§ PROBLEM DESCRIPTION:
When you reach the line that contains "Có thể mặc 2 kiểu: trễ vai hoặc kín", give it back exactly along with each line after it to the end of the entries; skip any pictures.

§ INPUT:
____
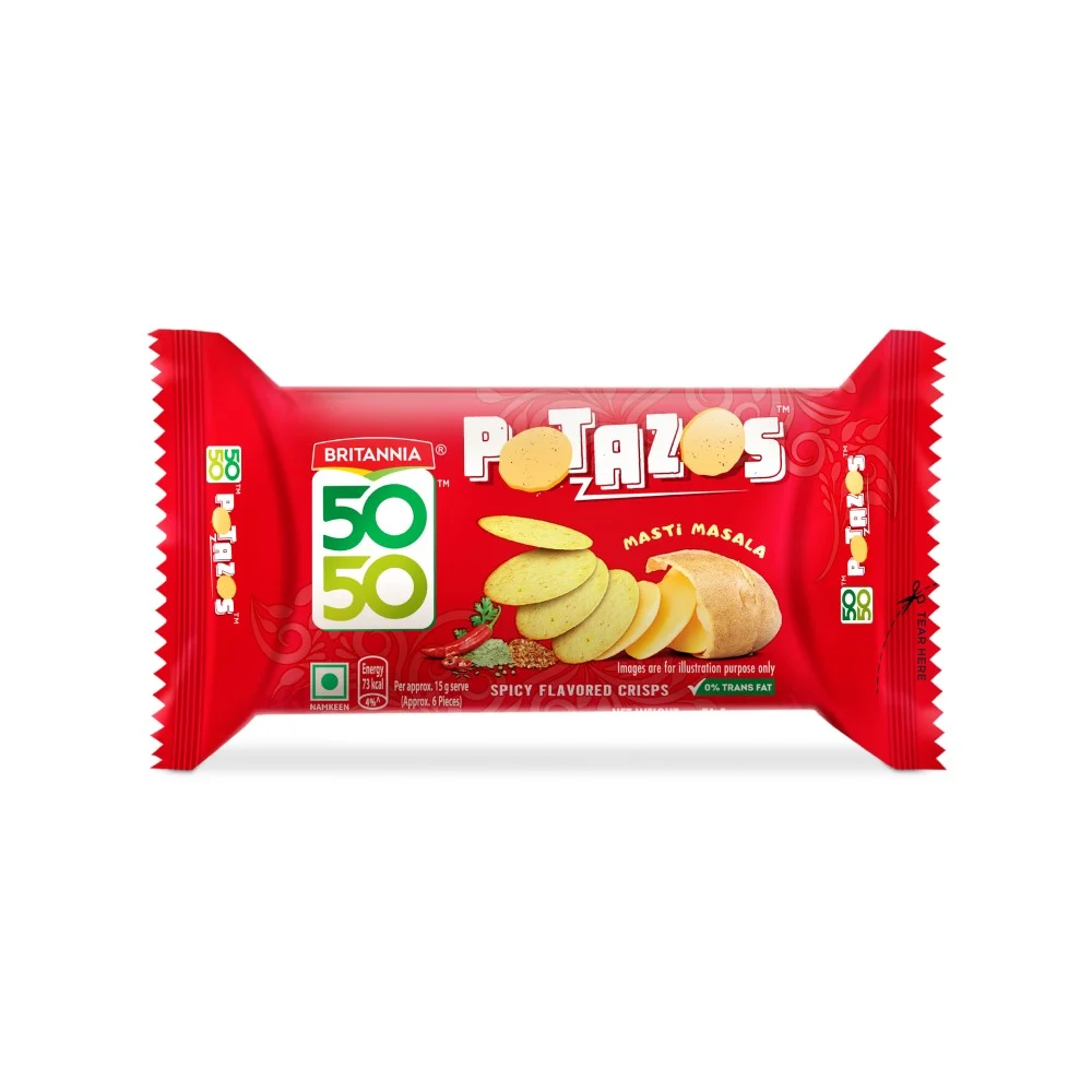 Britannia 50 50 Potazos offers a delightful fusion of two beloved snacks: chips and biscuits. With a masaledar chatpata flavor reminiscent of chips and a baked,crunchy texture,this product is irresistibly tasty. It features an thin and crispy profile that everyone finds addictive. The blend of flavors in 50 50 Potazos creates a delightful snacking experience.
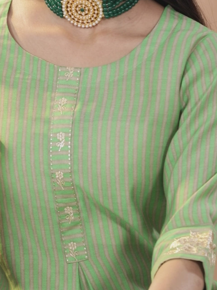 Our green-striped A-line chanderi silk kurta features a round neckline, roomy pockets and three-quarter shirt sleeves. Adorned with embroidered accents, this refreshing style is ideal for work and beyond.
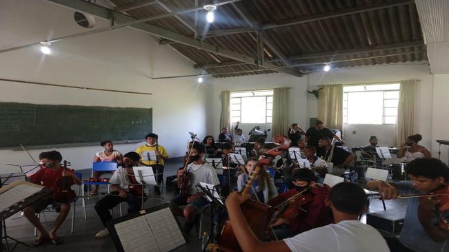 O PROESA – Projeto Orquestra Escola Sinfonia das Águas – em desenvolvimento desde 2017 pela Escola Municipal de Música de Caxambu Prefeito Isaac Rozental, continua abrindo oportunidades para o aprendizado musical. Com o objetivo de estimular a formação de uma Orquestra Sinfônica Jovem, atrelada à construção de oportunidades no campo profissional para a qualificação de adolescentes e jovens, não só musicalmente, mas em sentido amplo, o PROESA promove o acesso ao conhecimento e autoconhecimento que a experiência com a música pode proporcionar. As fotos registram a aula desta quarta-feira (30) com os grupos de instrumentos todos juntos. A Escola Municipal de Música Prefeito Isaac Rozental tem cerca de 350 alunos atendidos gratuitamente com idades entre 8 e 17 anos. As aulas do PROESA acontecem em 2 turnos, manhã e tarde, com ciclos de aulas que vão de 3 a 5 vezes na semana dependendo do turno. Mais informações para saber como participar: Redes Sociais: Instagram: @escolademusicacaxambu Facebook: Escola-Música Prefeito Isaac Rozental Contatos: Whatsapp: (35) 98831-4722 Telefone: (35) 3341-0746
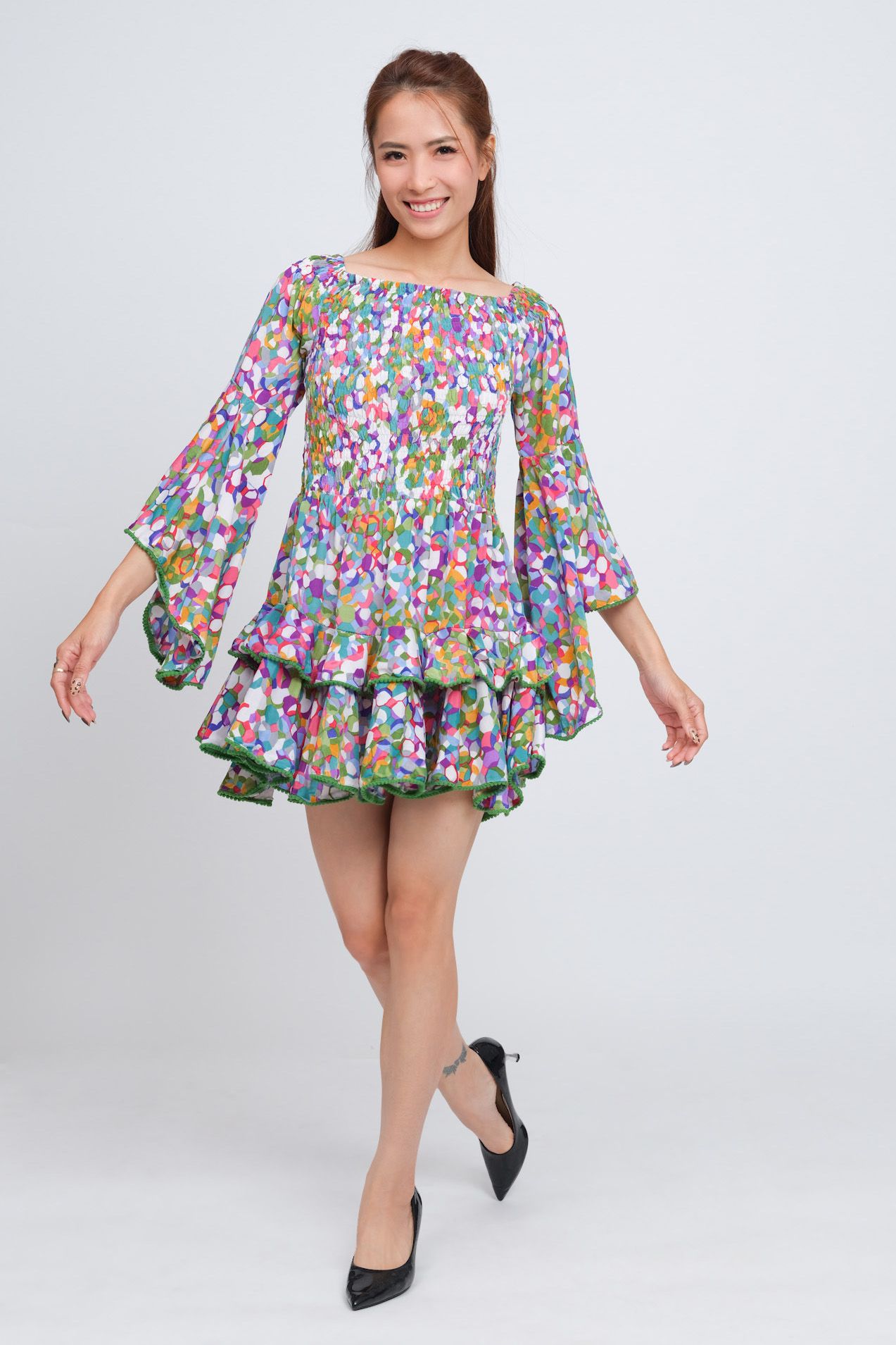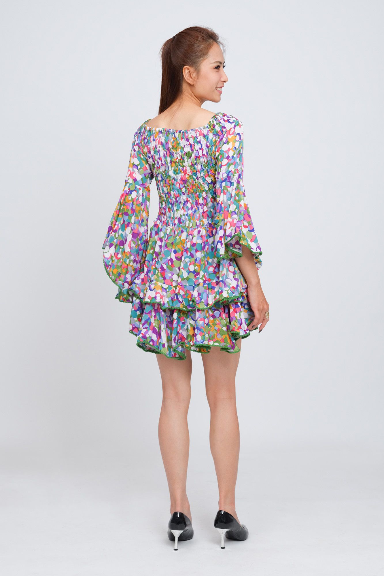 Có thể mặc 2 kiểu: trễ vai hoặc kín
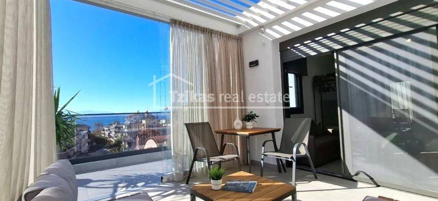 ---Μεγάλη βεράντα με απεριόριστη θέα στη θάλασσα.
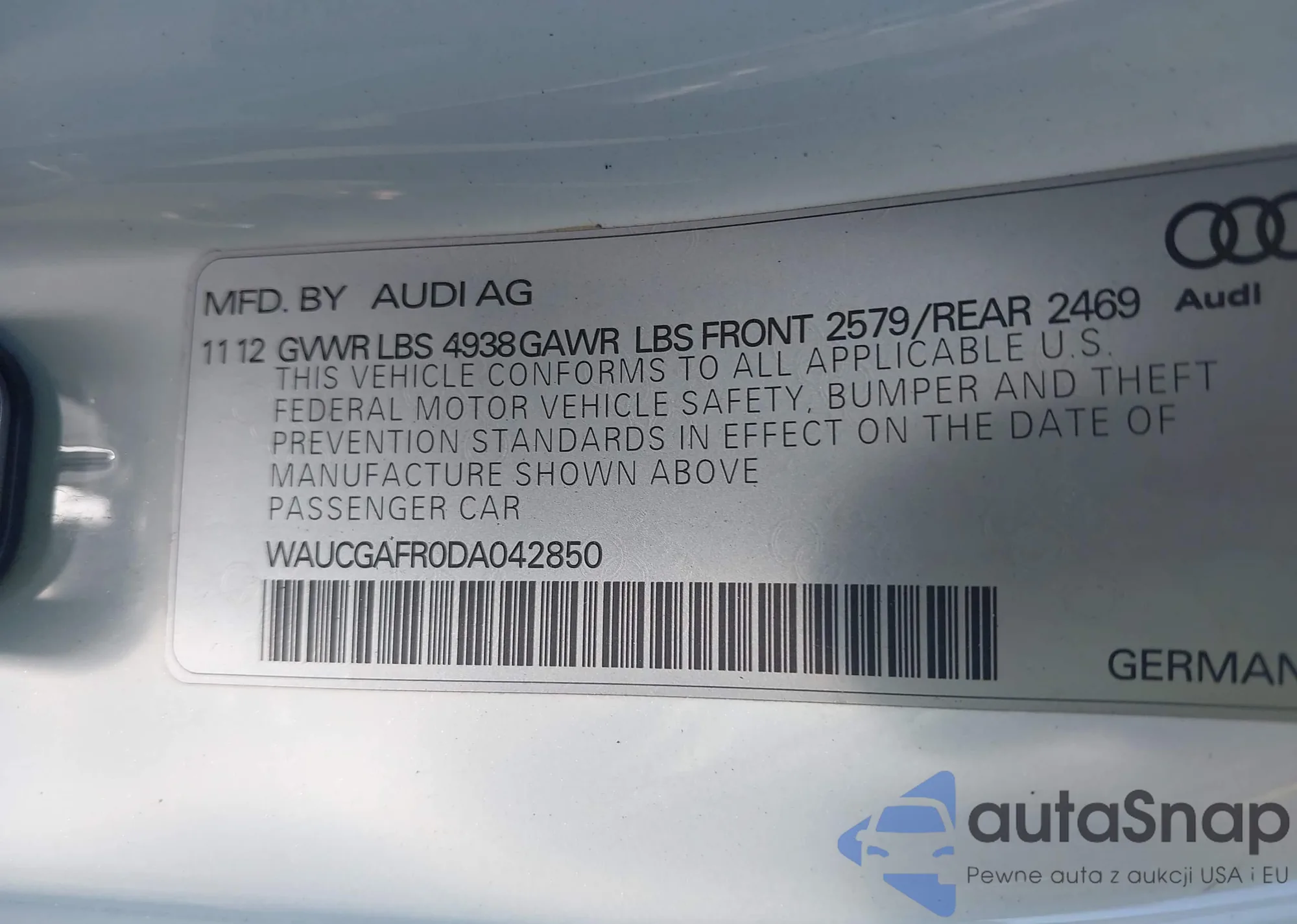 LOT: 42758296 VIN: WAUCGAFR0DA042850
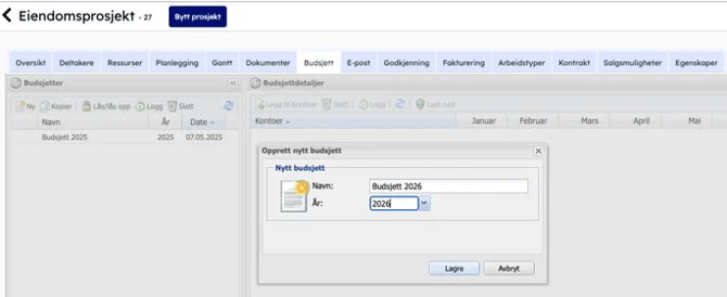 - Legg så inn navn på budsjettet og velg år det skal gjelde for.
____
§ WRITTEN SOLUTION:
 Có thể mặc 2 kiểu: trễ vai hoặc kín
 ---Μεγάλη βεράντα με απεριόριστη θέα στη θάλασσα.
 LOT: 42758296 VIN: WAUCGAFR0DA042850
 - Legg så inn navn på budsjettet og velg år det skal gjelde for.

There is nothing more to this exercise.